Don't mistake this for yet another dystopian novel chastising humanity for their reliance on robots, even if its set in the future circa 2040 where humanity has just fought off a serious addiction to robots. Between computers and humans, and the desperate desire to find someone or something to connect with, this book is a thoughtful, poignant novel that explores the creation of Artificial Intelligence — illuminating the very human need for communication, connection, and understanding.
Undermajordomo Minor is an ink-black comedy of manners, an adventure, and a mystery, and a searing portrayal of rural Alpine bad behaviour, but above all it is a love story. And Lucy must be careful, for love is a violent thing. This is one great work of comic fiction.
Lidia Yuknavitch explores the treacherous, often violent borders between war and sex, love and art. An American photographer captures one of the most famous images when documenting war in Eastern Europe. And it begets these thought-provoking questions: Who is controlling the action? And what will happen when these two worlds—east and west, real and virtual—collide?
A gripping novel of culture clash and murder: as summer draws to a close, a small Long Island town is gripped by a series of mysterious deaths—and one young man, a loner taken in by a local, tries to piece together the crimes before his own time runs out.

Orient is a psychologically probing and intelligent page turner; one whose characters simply are larger than life thanks to Christopher Bollen's wonderful writing.
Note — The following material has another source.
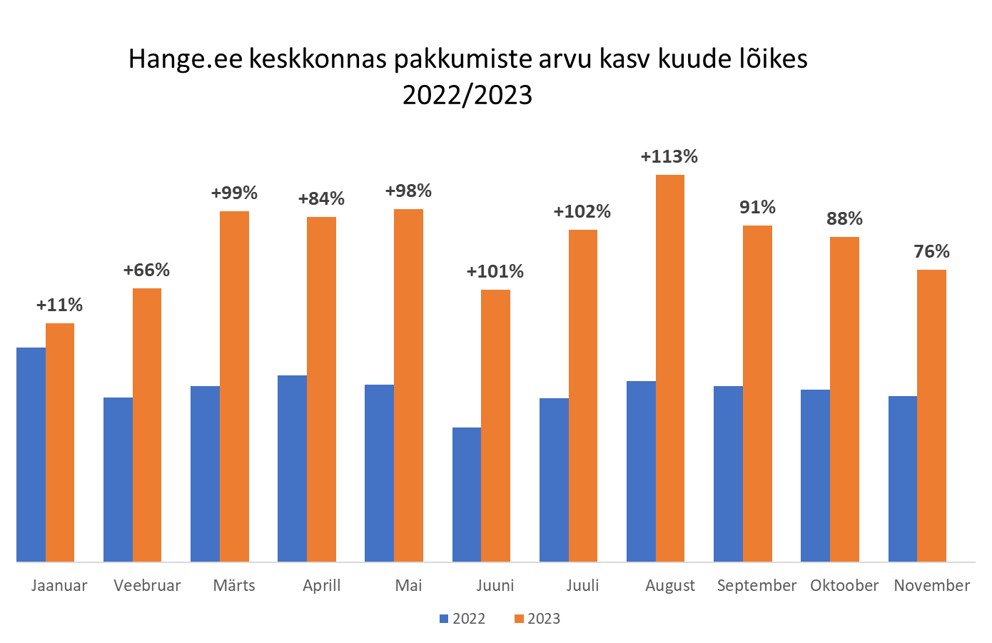 Hange.ee andmeid analüüsides paistab selgelt silma ehitusettevõtete osalus hangetel. Pakkumiste arv on võrreldes 2022. aastaga oluliselt suurenenud. Ühe põhjusena saab välja tuua asjaolu, et paljud eratellijad olid sunnitud eelnevatel aastatel vajalikud tööd edasi lükkama järsu ehitusmaterjalide hinnatõusu tõttu. Ehitussektor oli tugevas tõusus ning ettevõtetel rohkelt tellimusi ees. Mõistetavalt ei olnud paljud ehitusettevõtted enne huvitatud eratellijate pakkumistest.

Crime in a small town always draws links to nearly everyone, and you'll be hard pressed not to fall in love (or sympathy) with nearly everyone in it.
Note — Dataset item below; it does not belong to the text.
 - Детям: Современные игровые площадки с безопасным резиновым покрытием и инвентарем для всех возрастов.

We meet an awkward lesbian student who is impregnated and married by a gay poetry professor in a 1960s college setting. And what unravels is a family torn apart by the boredom of domesticity and emotional erosion. And when Peggy runs off with one child but not the other, it sparks off a lifetime of identity crisis. See how the sins of the past carry on to the present, and if the lost siblings will ever meet.
A suspenseful debut novel of desire, obsession, power, and vulnerability, in which a crisis of inheritance leads to the downfall of a wealthy family of Persian Jews in early twentieth-century Iran.
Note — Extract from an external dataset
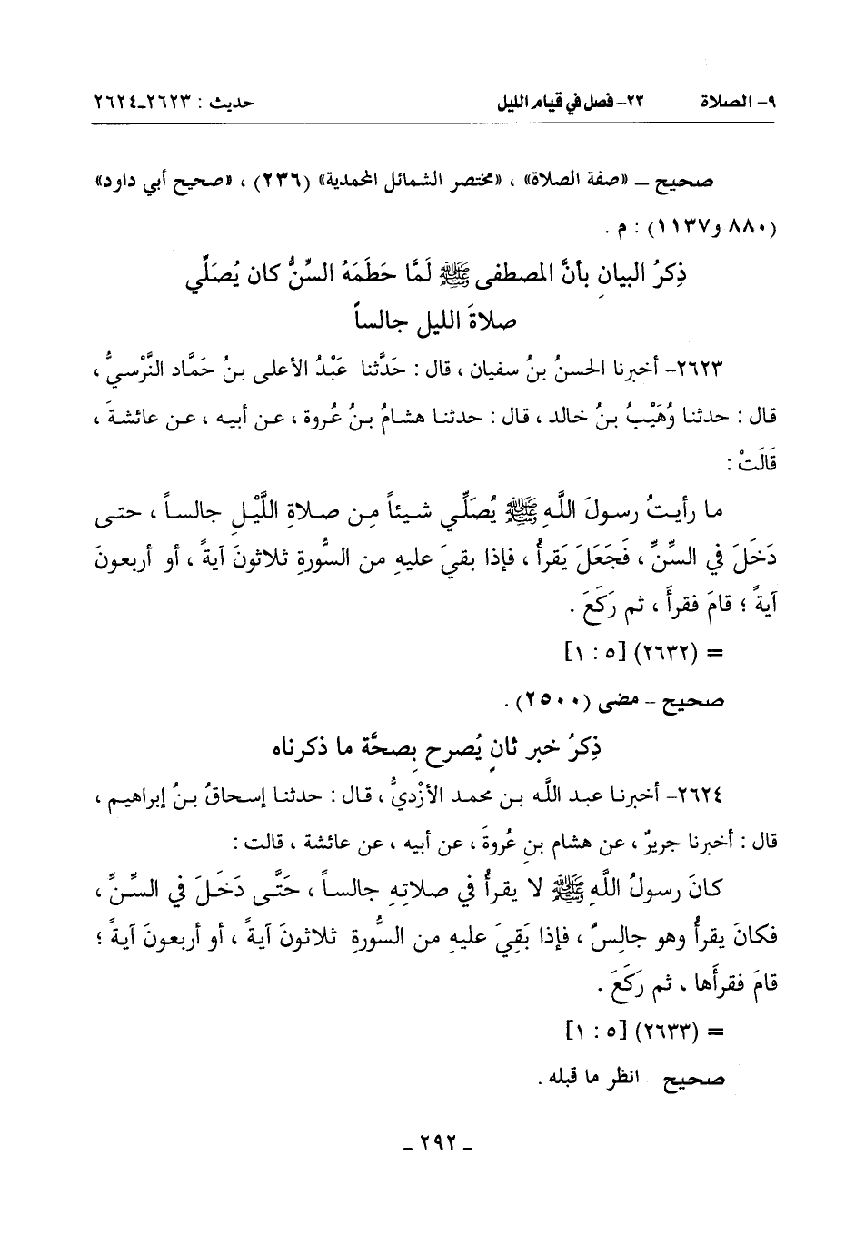 ذِكْرُ الْبَيَانِ بِأَنَّ الْمُصْطَفَى صَلَّى اللَّهُ عَلَيْهِ وَسَلَّمَ لَمَّا حَطَمَهُ السِّنُّ كَانَ يُصَلِّي صَلَاةَ الليل جالسا

Haunting, suspenseful, and inspired by events in the author's own family, The Girl from the Garden is an evocative and poignant exploration of sacrifice, betrayal, and the indelible legacy of the families that forge us.
Failure is the one thing that many of us would like to avoid, but perhaps that's what makes us soft, unaccepting and fearful of the unknown? Author Jessica Lahey writes that parents must learn to allow their children to experience the disappointment and frustration that occur from life’s inevitable problems so that they can grow up to be successful, resilient, and self-reliant adults. Now that's something worth a change in perspectives.